• Work order:
From the first line to the last, repeat the records exactly and skip the pictures.

# # # #

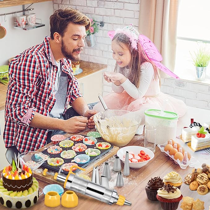 - 【Practical & Easy to Use】This icing dispenser is made of a combination of stainless steel and plastic, so you can disassemble all the parts for easy cleaning(the cake decorating injector kit comes with a cleaning brush) and use. Our cake decorating icing tool set can as a gift for baking lovers on birthdays, Christmas, Mother's Day, Easter, housewarmings, or other occasions; You will find that the most incredible buttercream flowers are so easy to make with this pastry decorating kit
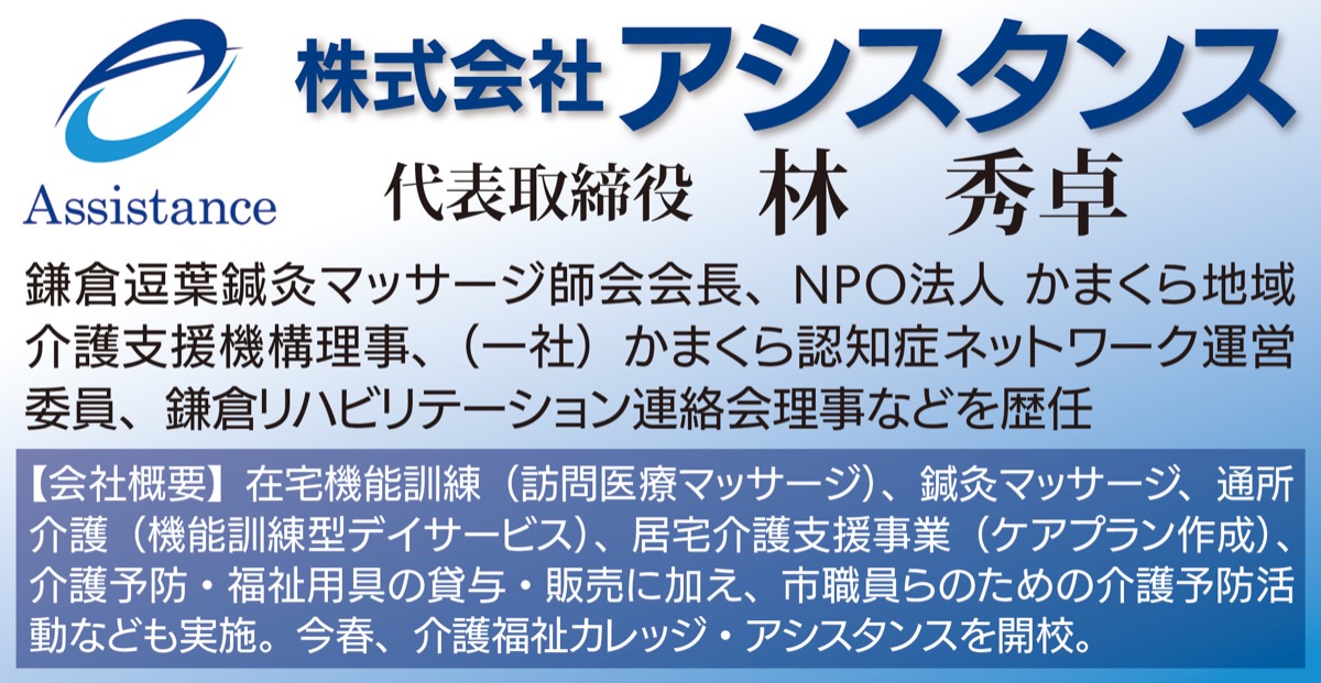 市内岡本に事務所を構える株式会社アシスタンスが今年8月に創立20周年を迎える。誰もが住みやすい地域を共につくる「共生社会の共創」を理念に、地元・鎌倉市をはじめとした湘南エリアで介護に関する複数の事業を展開してきた。
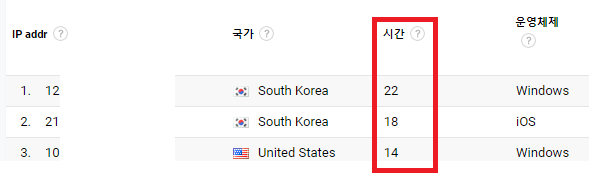 그리고 그 아래 세션시간이 짧으신 분들도 굉장히 빠르게 광클을 하신게 보이는데요
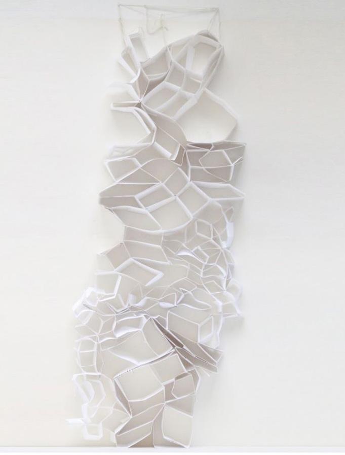 [13] Paper grid model hung to wall to display compression and extenuation
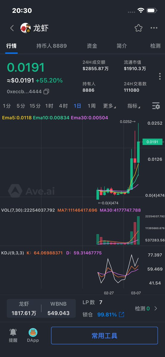 等上币安现货或合约之前,应该还有几波爆拉,所以说持有的还需等待,等待机会卖个好价格,没有货的,回调就买。目前市值1.4个亿美金,如果疯狂的话,可以搞到10个亿美金市值。
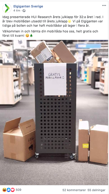 Jag tror ingen har lyckats undgå att mobillådan blev utsedd till årets julklapp 2019 av HUI. Jag tror heller ingen har lyckats undgå hur företag efter företag har passat på att rida på denna våg. Det har minst sagt varit delade meningar om mobillådan. Jag tycker i alla fall inlägg likt Elgigantens ovan är fantastiskt roligt! Läs mer om årets julklapp här.

# # # #

• Solution to this problem:
 - 【Practical & Easy to Use】This icing dispenser is made of a combination of stainless steel and plastic, so you can disassemble all the parts for easy cleaning(the cake decorating injector kit comes with a cleaning brush) and use. Our cake decorating icing tool set can as a gift for baking lovers on birthdays, Christmas, Mother's Day, Easter, housewarmings, or other occasions; You will find that the most incredible buttercream flowers are so easy to make with this pastry decorating kit
 市内岡本に事務所を構える株式会社アシスタンスが今年8月に創立20周年を迎える。誰もが住みやすい地域を共につくる「共生社会の共創」を理念に、地元・鎌倉市をはじめとした湘南エリアで介護に関する複数の事業を展開してきた。
 그리고 그 아래 세션시간이 짧으신 분들도 굉장히 빠르게 광클을 하신게 보이는데요
 [13] Paper grid model hung to wall to display compression and extenuation
 等上币安现货或合约之前,应该还有几波爆拉,所以说持有的还需等待,等待机会卖个好价格,没有货的,回调就买。目前市值1.4个亿美金,如果疯狂的话,可以搞到10个亿美金市值。
 Jag tror ingen har lyckats undgå att mobillådan blev utsedd till årets julklapp 2019 av HUI. Jag tror heller ingen har lyckats undgå hur företag efter företag har passat på att rida på denna våg. Det har minst sagt varit delade meningar om mobillådan. Jag tycker i alla fall inlägg likt Elgigantens ovan är fantastiskt roligt! Läs mer om årets julklapp här.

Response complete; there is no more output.